§ Task objective:
Your answer should consist of each line below that contains the string "their".

====== Data section

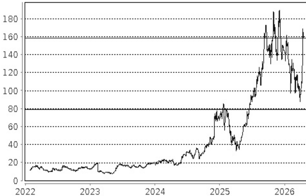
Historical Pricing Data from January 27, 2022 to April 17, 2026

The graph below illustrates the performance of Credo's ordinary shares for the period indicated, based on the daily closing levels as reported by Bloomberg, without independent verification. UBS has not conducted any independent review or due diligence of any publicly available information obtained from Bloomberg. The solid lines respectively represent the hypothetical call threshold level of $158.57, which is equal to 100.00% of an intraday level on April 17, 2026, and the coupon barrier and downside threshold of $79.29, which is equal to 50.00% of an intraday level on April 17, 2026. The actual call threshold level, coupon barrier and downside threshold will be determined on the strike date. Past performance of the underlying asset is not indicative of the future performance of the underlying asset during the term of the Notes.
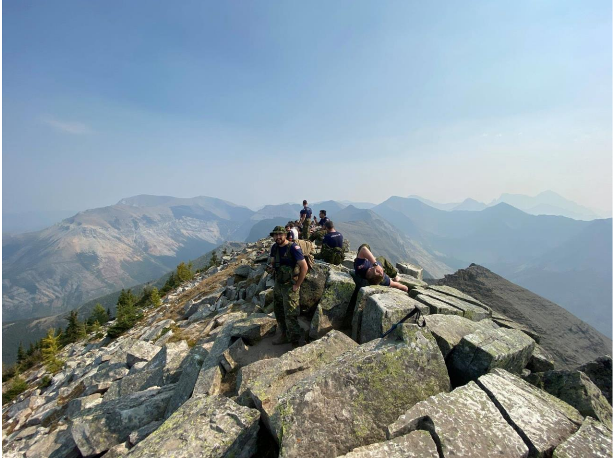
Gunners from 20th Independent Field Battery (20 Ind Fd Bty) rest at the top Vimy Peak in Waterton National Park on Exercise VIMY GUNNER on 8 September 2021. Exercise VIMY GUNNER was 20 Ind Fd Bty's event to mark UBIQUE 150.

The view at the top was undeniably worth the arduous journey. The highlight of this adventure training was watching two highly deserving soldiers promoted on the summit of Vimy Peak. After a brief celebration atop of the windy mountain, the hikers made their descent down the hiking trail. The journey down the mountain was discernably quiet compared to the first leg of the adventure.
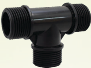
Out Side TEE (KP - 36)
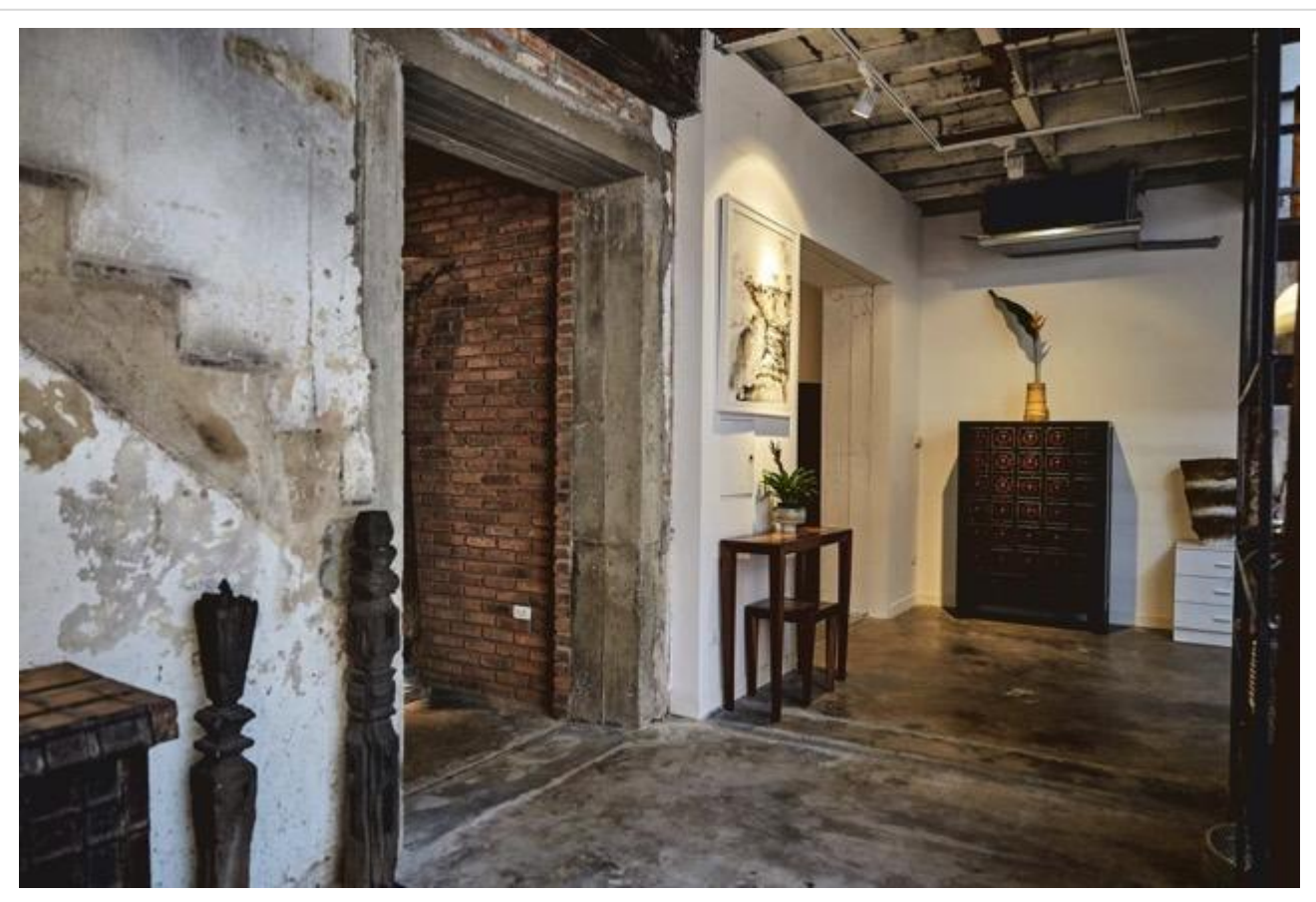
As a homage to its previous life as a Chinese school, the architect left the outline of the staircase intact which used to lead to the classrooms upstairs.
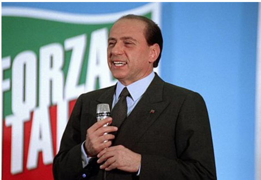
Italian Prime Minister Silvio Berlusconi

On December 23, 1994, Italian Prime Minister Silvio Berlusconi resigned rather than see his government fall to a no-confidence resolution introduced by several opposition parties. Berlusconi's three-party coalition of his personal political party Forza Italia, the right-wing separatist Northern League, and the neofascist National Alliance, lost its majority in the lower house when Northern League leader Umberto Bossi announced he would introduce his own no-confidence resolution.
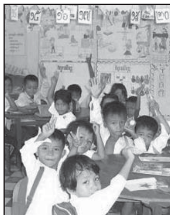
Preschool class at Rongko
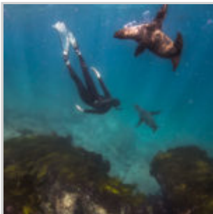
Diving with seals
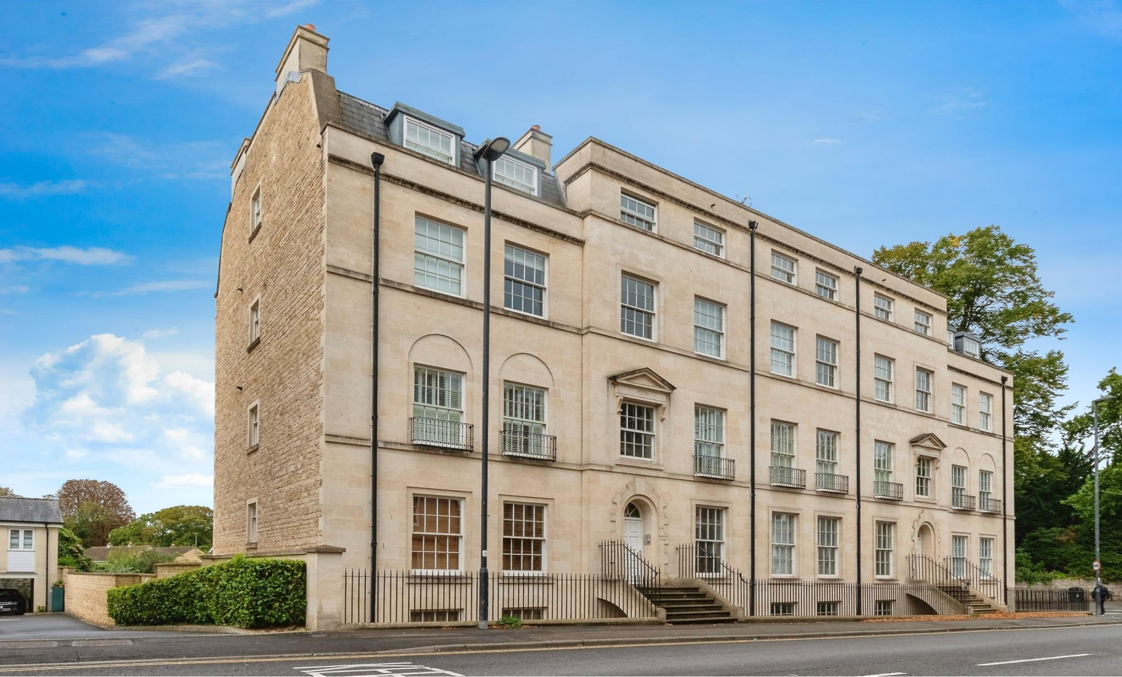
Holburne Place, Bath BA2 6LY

============
====== Data section

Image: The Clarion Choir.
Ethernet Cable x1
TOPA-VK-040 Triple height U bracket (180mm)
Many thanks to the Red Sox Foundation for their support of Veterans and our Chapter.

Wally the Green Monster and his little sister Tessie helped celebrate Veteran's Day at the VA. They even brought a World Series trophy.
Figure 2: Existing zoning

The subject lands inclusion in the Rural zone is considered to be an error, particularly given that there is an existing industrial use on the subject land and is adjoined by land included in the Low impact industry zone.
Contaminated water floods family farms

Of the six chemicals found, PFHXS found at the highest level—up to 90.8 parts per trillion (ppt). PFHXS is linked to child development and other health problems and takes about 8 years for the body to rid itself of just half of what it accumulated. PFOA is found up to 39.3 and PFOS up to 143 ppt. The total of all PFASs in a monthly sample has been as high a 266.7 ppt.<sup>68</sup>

============

§ Solved exercise:
The view at the top was undeniably worth the arduous journey. The highlight of this adventure training was watching two highly deserving soldiers promoted on the summit of Vimy Peak. After a brief celebration atop of the windy mountain, the hikers made their descent down the hiking trail. The journey down the mountain was discernably quiet compared to the first leg of the adventure.
Many thanks to the Red Sox Foundation for their support of Veterans and our Chapter.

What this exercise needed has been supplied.